PLAY
The man is born alone and he dies alone. In between the birth and the death he is thrown into various relationships. What is a relationship? Is it not the role-playing? An Individual plays various roles at the same time. A man is a father to his child, husband to his wife. He is also a son and a brother and a boss and a subordinate and a friend in connection with various people around. So also is a woman, daughter, a mother, a wife, a friend etc. So, each one of us is playing various roles in this drama on a very vast stage of life.

MASKS
Some times, people become so expert in this drama, that one start wearing various masks and changes the same with great expertise. If one is in front of a boss his mask is that of a subordinate. The next moment, when he is out of boss's cabin and faces subordinate, with great expertise he changes his mask and he becomes a boss. Are we not wearing all kinds in our relationships? In fact, we have become so much one with these masks, we have almost forgotten that it's a mask on our face and not the true face.

GIVE & TAKE
The trouble begins when one forgets that one is just playing his or her role in this drama and starts getting attached to one's own character or to the characters around. This emotional attachment for the people around, which develops due to the ignorance about one's own true nature plays a very significant role, in reducing our relationships to GIVE & TAKE phenomenon. For majority of us, as it is now, a relationship is a two-way transactional phenomenon, which always involves give and take in some form or the other, Hence, expectations are bound to be there from both the sides.

SELFISHNESS
Haven't you observed that in whichever relationship you have an emotional stake, you FEEL more about it and become more attached. With attachment comes expectation, which in turn enhances attachment, leading to the vicious circle. In this circle an individual becomes more and more self-centered and possessive of things and beings around. With this kind of selfishness, one starts converting beings into things and using things. When a person in the relationship becomes aware that he or she is being `used' & not loved, it is definitely the beginning of separation.

ISOLATION
More involvement in relationship brings isolation. E.g. If I start relating only to my wife and my daughter, I will be isolating myself from everybody around. Such isolation brings depression.

EXPECTATIONS
What does one expect from the relationships? If we go little deeper, one comes to the understanding that each one is expecting the gratification. It may sound little harsh but, is there anything else other than gratification - Which is the base of our relationships? Do we ever see this aspect? Have you not seen the moment a relationship is not gratifying one is no more interested in it?

CHANGE
The relationship, which was working beautifully until yesterday, works no more today, because things have gone topsy-turvy and they are not per the expectation. Hence one is not interested in it. Is it not the fact?

PRE-CONDITIONED MIND
Now who is this one expecting something in the relationships? Is it not the mind? If it is the mind, which is expecting, is it possible to know the significance of the relationships without understanding the mind and its complex nature? The relationship can help to understand the complex structure of the mind, if taken in proper perspective. In the relationship, the other can become the mirror to see one's expectation and ambitions.
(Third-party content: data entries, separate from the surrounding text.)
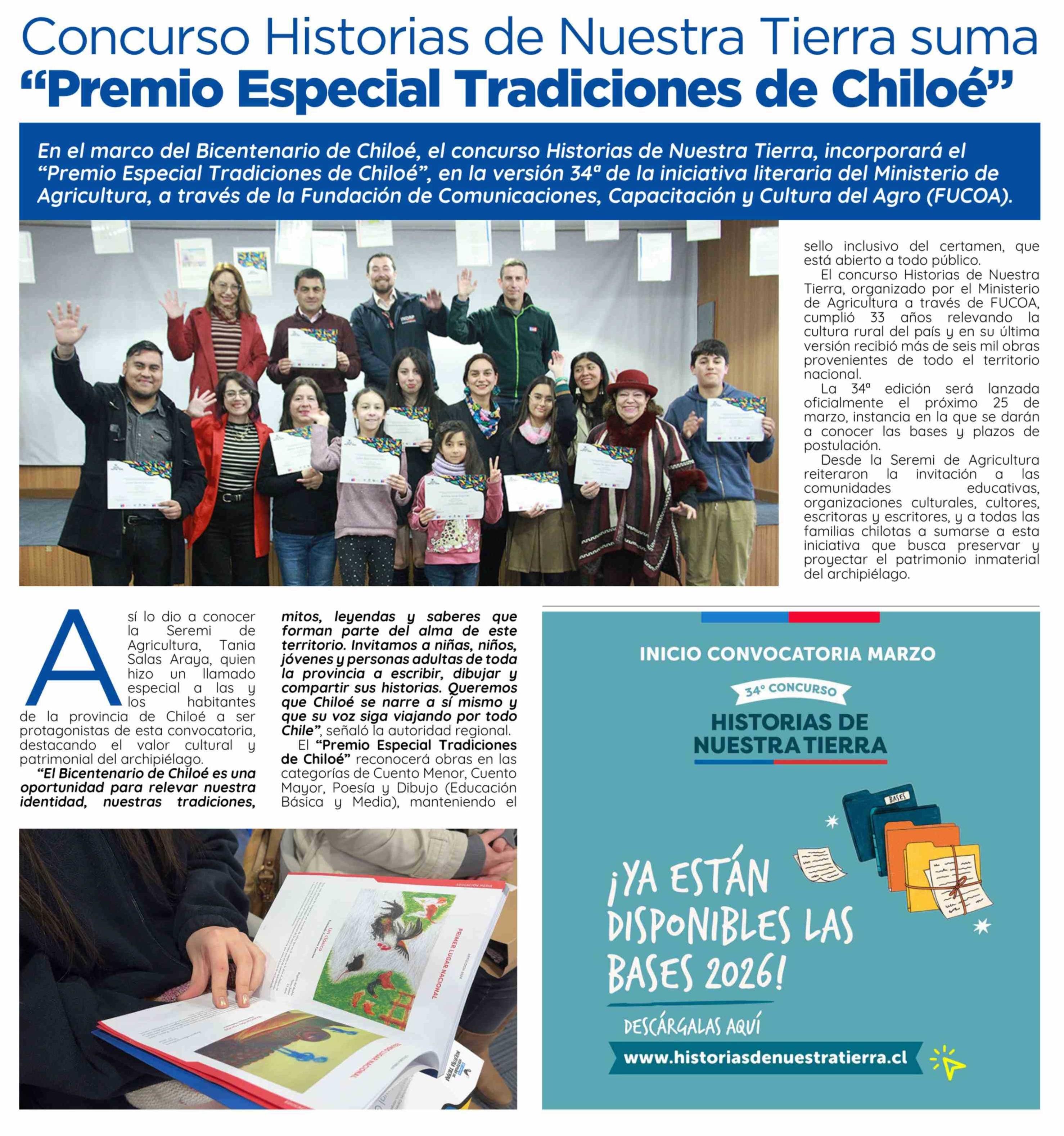 Concurso Historias de Nuestra Tierra suma "Premio Especial Tradiciones de Chiloé" 19-02-2026 El Insular |
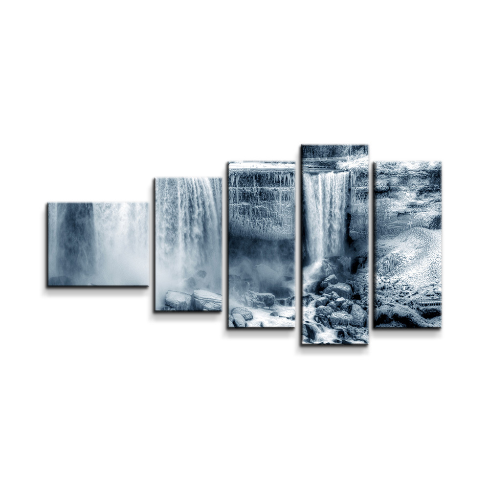 Obraz - 5-dílný Černobílý vodopád: 100x60 cm
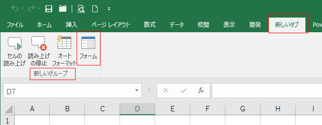 - リボンの[新しいタブ]をクリックすると、新しいグループに[フォーム]コマンドが配置されているのを確認することができます。
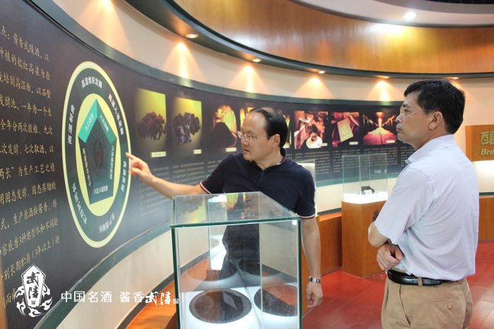 武陵酿酒公司总经理宋冠毅向朱水平介绍武陵酒的生产工艺

If that can happen, relationship can be a very revealing experience for one's self-development. But usually it does not happen. Because even though the other person is like a mirror, our own mind is the faculty which distorts the facts. This pre-occupied or pre-conditioned mind is the culprit, which does not allow us to things as they are. How can the relationship work, when the mind is already conditioned? Is there a way to free this mind from conditioning? Or, is it the very nature of the mind? If that is so, is it possible to free oneself from this mind? The spiritual significance of relationship is hidden in the answer of this question.

RELATING
To understand the spiritual significance of relationships, one has to first understand, what is the TRUE RELATIONSHIP. When the relationship is authentic and spontaneous it becomes RELATING. Relationship is like a pond of stagnant water, while relating is like a river flowing, dancing, moving to embrace the ocean. If the waters are clear the river is transparent so also when the mind is clear the relationship is transparent. There is no confusion, it becomes absolutely crystal clear phenomenon. In such a relationship there is no distortion of the fact and one sees one self into the mirror of the relationship.

MIRROR
I have seen such relationship existing between the master and the disciple. Here, the master becomes the mirror for the disciple to understand his own confusion. The master is the crystal clear mirror which does not distort, but reflects the reality which can lead the disciple towards the realization. Such a flowing and transparent relationship can become a catalyst for the tremendous spiritual growth spiral. Are we really ready for such things to happen to us? Who really bothers?

DISCIPLEHOOD (DISCIPLESHIP)
When one becomes disciple the master is already there because when one gains the attributes of discipleship one start learning from everything and from everywhere. Then one learns from the trees, the mountains, the sun & stars, the moon and the reflections thereof into the waters of the river and the ocean. One even learns from the child that absolutely pure quality called innocence. One learns humility from the blades of the green grass. The bird becomes a symbol of freedom and rose is nothing but love.

HUMILITY
Is it possible that just by getting rooted into the total surrender and the sensitivity, one becomes vulnerable for the ultimate to happen which transforms oneself and one's relationships around? Are TRUTH, BEAUTY & LOVE the natural outcome of such happening? I do not know.